• [Task to carry out]:
Take the entries below and reproduce exactly the portion that begins at the line containing "Bonne lecture !" and ends at the line containing "اعلم أن (مِفْعالا)", keeping both ends, dropping pictures, and adding nothing else.

• [Record extracts]:
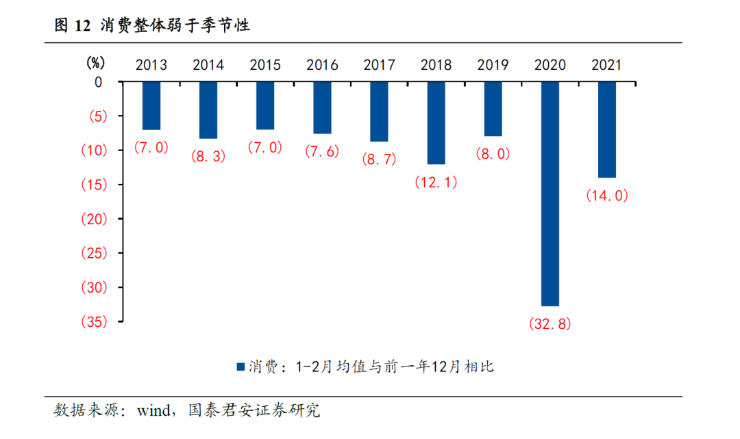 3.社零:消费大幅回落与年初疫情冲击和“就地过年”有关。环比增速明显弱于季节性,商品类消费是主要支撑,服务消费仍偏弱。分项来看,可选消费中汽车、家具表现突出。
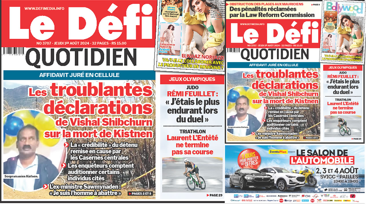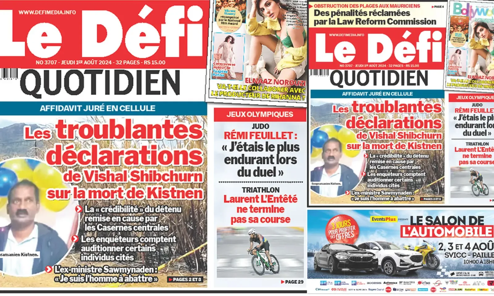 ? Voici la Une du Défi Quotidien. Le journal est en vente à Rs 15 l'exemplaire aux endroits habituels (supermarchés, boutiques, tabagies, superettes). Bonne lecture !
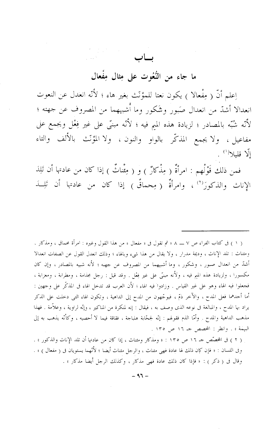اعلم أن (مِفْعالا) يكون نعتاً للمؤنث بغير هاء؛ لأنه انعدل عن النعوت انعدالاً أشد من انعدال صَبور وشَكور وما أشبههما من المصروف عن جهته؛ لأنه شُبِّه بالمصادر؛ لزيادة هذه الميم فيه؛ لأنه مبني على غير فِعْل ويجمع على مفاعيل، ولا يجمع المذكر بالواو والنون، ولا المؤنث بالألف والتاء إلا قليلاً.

* * *

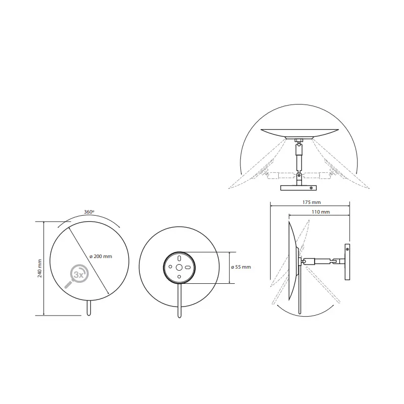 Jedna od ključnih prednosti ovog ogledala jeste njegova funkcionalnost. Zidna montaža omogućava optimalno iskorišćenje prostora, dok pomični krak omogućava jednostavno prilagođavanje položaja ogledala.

• [Final answer]:
 ? Voici la Une du Défi Quotidien. Le journal est en vente à Rs 15 l'exemplaire aux endroits habituels (supermarchés, boutiques, tabagies, superettes). Bonne lecture !
اعلم أن (مِفْعالا) يكون نعتاً للمؤنث بغير هاء؛ لأنه انعدل عن النعوت انعدالاً أشد من انعدال صَبور وشَكور وما أشبههما من المصروف عن جهته؛ لأنه شُبِّه بالمصادر؛ لزيادة هذه الميم فيه؛ لأنه مبني على غير فِعْل ويجمع على مفاعيل، ولا يجمع المذكر بالواو والنون، ولا المؤنث بالألف والتاء إلا قليلاً.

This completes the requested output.